The endpoint prefix to relation id is optional, so this works as well:
juju run --unit mysql/1 "network-get --format yaml db -r 2"
Output:
bind-addresses: - macaddress: "" interfacename: "" addresses: - address: 10.136.107.33 cidr: "" ingress-addresses: - 54.237.63.211
Note that the ingress address is now set to the public address, since for this relation ingress will be from an external source:
juju run --unit mysql/1 "network-get --format yaml db -r db:2 --ingress-address"
Output:
54.237.63.211
The egress subnets for the remote unit are obtained using relation-get
. This
takes the name of the remote unit for which to get the relation data.

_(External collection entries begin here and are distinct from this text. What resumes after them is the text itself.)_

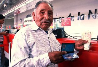 Unos 25 beneficiarios del programa estatal Pensión 65 en el distrito de Nuevo Chimbote, cobraron la mañana de ayer el bono de S/. 250.00 que aporta el Estado, correspondiente a los meses de setiembre y octubre.
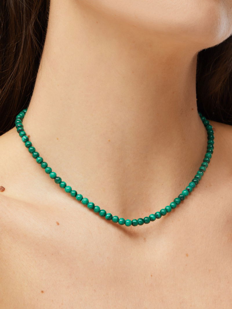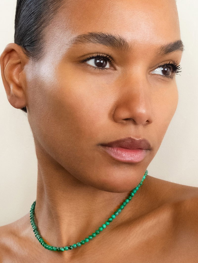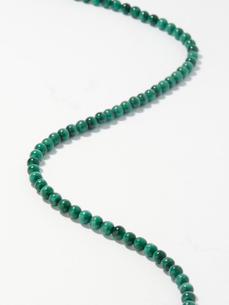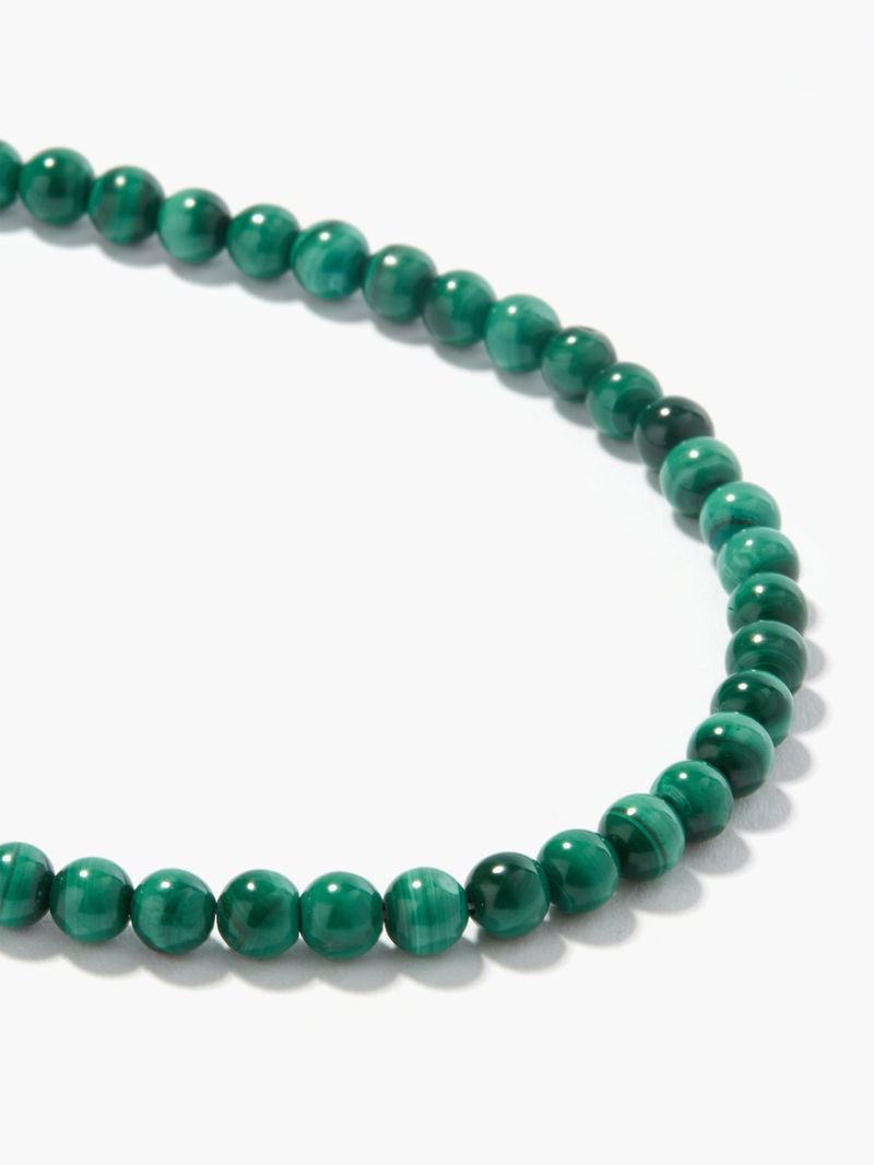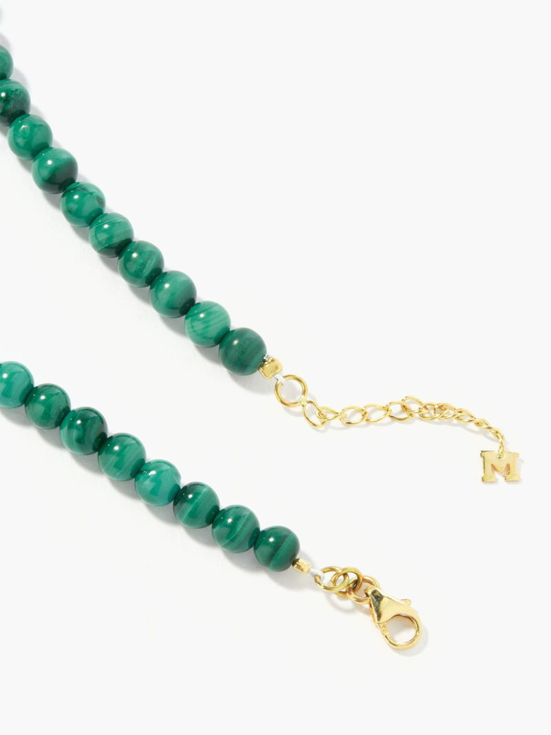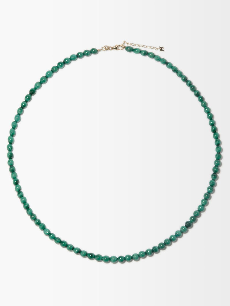 Mateo’s elegant necklace is strung with beaded malachite cabochons, a marbled green healing stone thought to bring balance and calming qualities to the wearer. It’s handcrafted at the label’s New York atelier from 14kt gold with an adjustable chain and lobster-clasp fastening.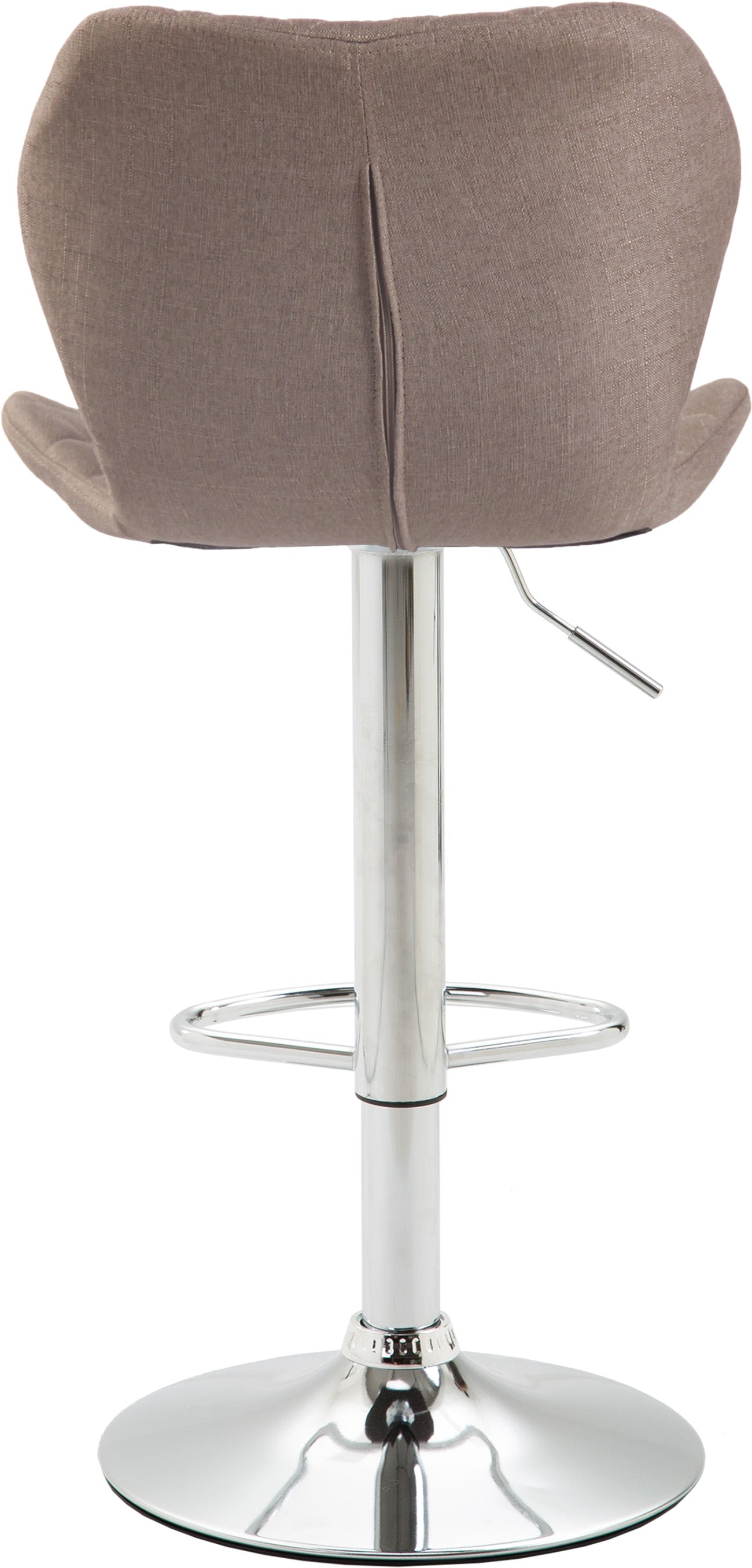 Tabouret de bar x1 avec coutures décoratives en forme de losanges en tissu taupe et métal chromé 10_0004656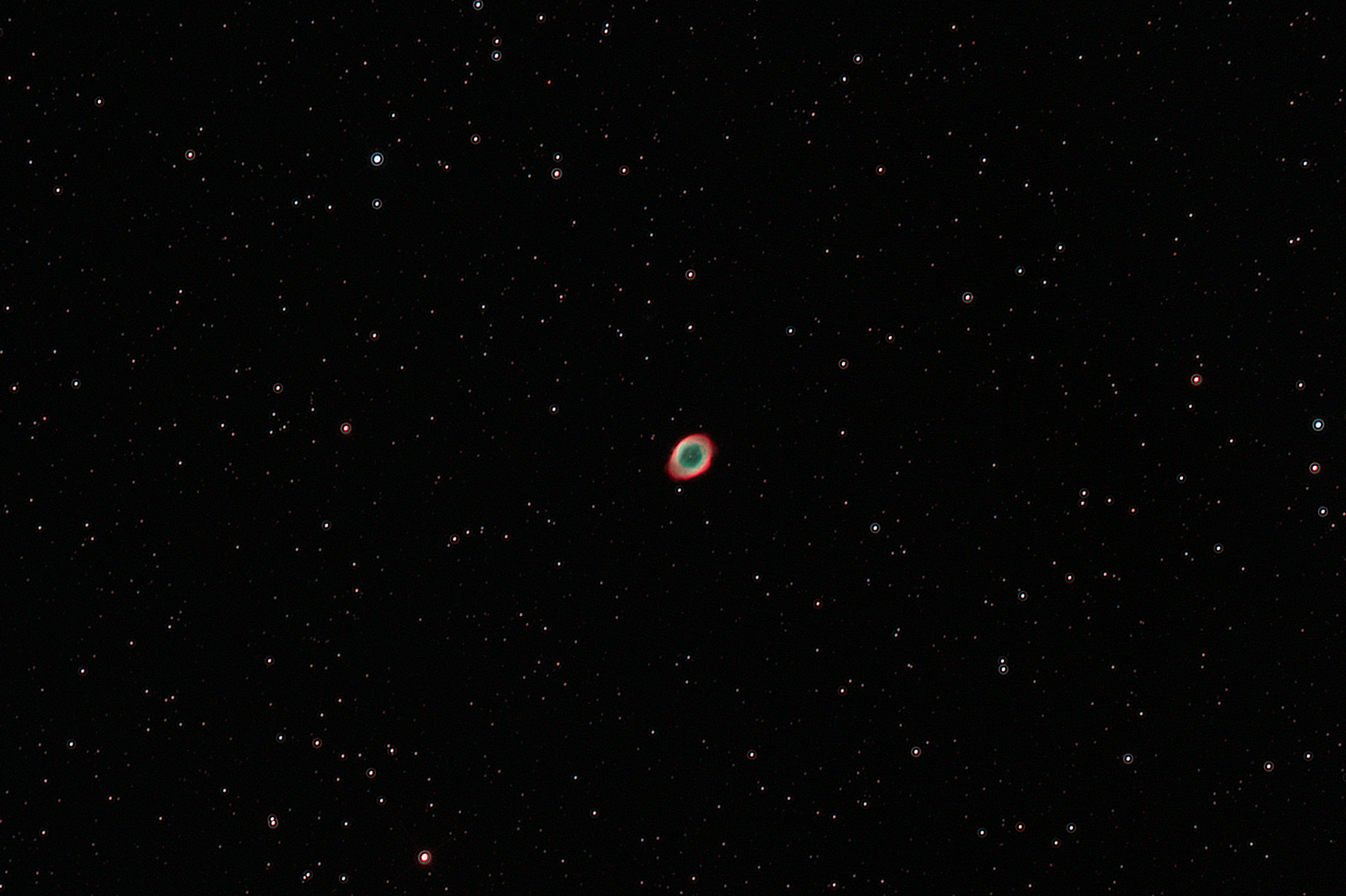 am 26.4.2025 Komposit aus 50 Einzelbildern mit Canon EOS 1100Da je 150s bei 800 ASA belichtet im Primärfokus des 250/1016 N Sternbild Leier 10' 9,5m 17 000 ly Offener Sternhaufen |
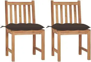 vidaXL 2x Solid Teak Wood Patio Chairs with Cushions Lounge Seating Garden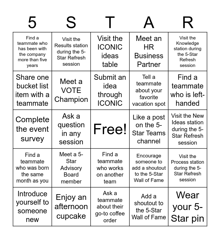 This bingo card has a free space and 32 words: Add a shoutout to the 5-Star Wall of Fame, Pick up your copy of Unreasonable Hospitality, Ask a question in any session, Find a teammate who has a pet photo as their phone wallpaper, Find a teammate who was born the same month as you, Meet a VOTE Champion, Visit the Knowledge station during the 5-Star Refresh session, Visit the Process station during the 5-Star Refresh session, Visit the Results station during the 5-Star Refresh session, Visit the Technology station during the 5-Star Refresh session, Submit an idea through ICONIC, Visit the ICONIC ideas table, Take a picture with Mandi, Post in the 5-Star Teams channel, Like a post on the 5-Star Teams channel, Share an example of a 5-Star customer experience, Introduce yourself to someone new, Complete the event survey, Find a teammate who works on another team, Meet a 5-Star Advisory Board member, Encourage someone to add a shoutout to the 5-Star Wall of Fame, Visit the Center of the Star station during the 5-Star Refresh session, Visit the New Ideas station during the 5-Star Refresh session, Enjoy an afternoon cupcake, Wear your 5-Star pin, Meet an HR Business Partner, Tell a teammate about your favorite vacation spot, Share one bucket list item with a teammate, Find a teammate who has been with the company more than five years, Ask a teammate about their go-to coffee order, Share your top three bingeworthy TV shows with a teammate and Find a teammate who is left-handed.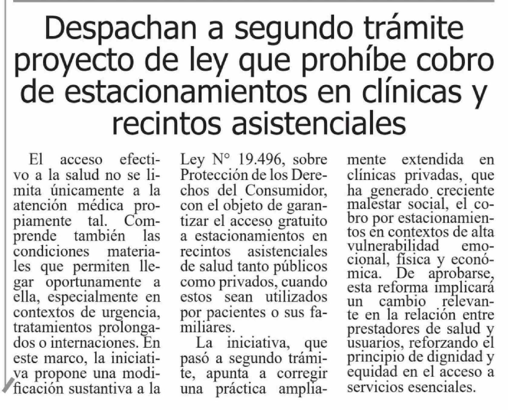 Despachan a segundo trámite proyecto de ley que prohíbe cobro de estacionamientos en clínicas y recintos asistenciales 04-03-2026 El Heraldo |

When run
in a relation context, the remote unit is $JUJU_REMOTE_UNIT. Outside of a
relation context, we can use relation-list
to get the remote unit (for this
example there is only one):
juju run --unit mysql/1 "relation-get -r db:2 egress-subnets \`relation-list -r db:2\`"
Output:
69.193.151.51/32
To get the ingress address of the remote unit. Because the test model is using a local LXD cloud, we only get a 10.x.x.x address; ingress from an AWS cloud to a local LXD cloud isn't supported in this case, but the example illustrates how a charm can get the ingress address of the remote unit:
juju run --unit mysql/1 "relation-get -r db:2 ingress-address \`relation-list -r db:2\`"
Output:
10.200.103.121
On the model hosting mediawiki:
juju run --unit mediawiki/0 "relation-get -r 0 - mysql/1"
Output:
database: remote-8193c748ad3c4f6382c7baeb44dcb2f3 egress-subnets: 54.237.63.211/32 host: 10.136.107.33 ingress-address: 54.237.63.211 password: dahlahbouchoose private-address: 54.237.63.211 slave: "False" user: sieyaijeediohie
Note the correct ingress-address is given to allow mediawiki to know how to reach mysql in the offering model. As we retain private-address for backwards compatibility.
So long as charms evolve to use these new primitives to access the key address values, they will work in both cross model and non cross model scenarios.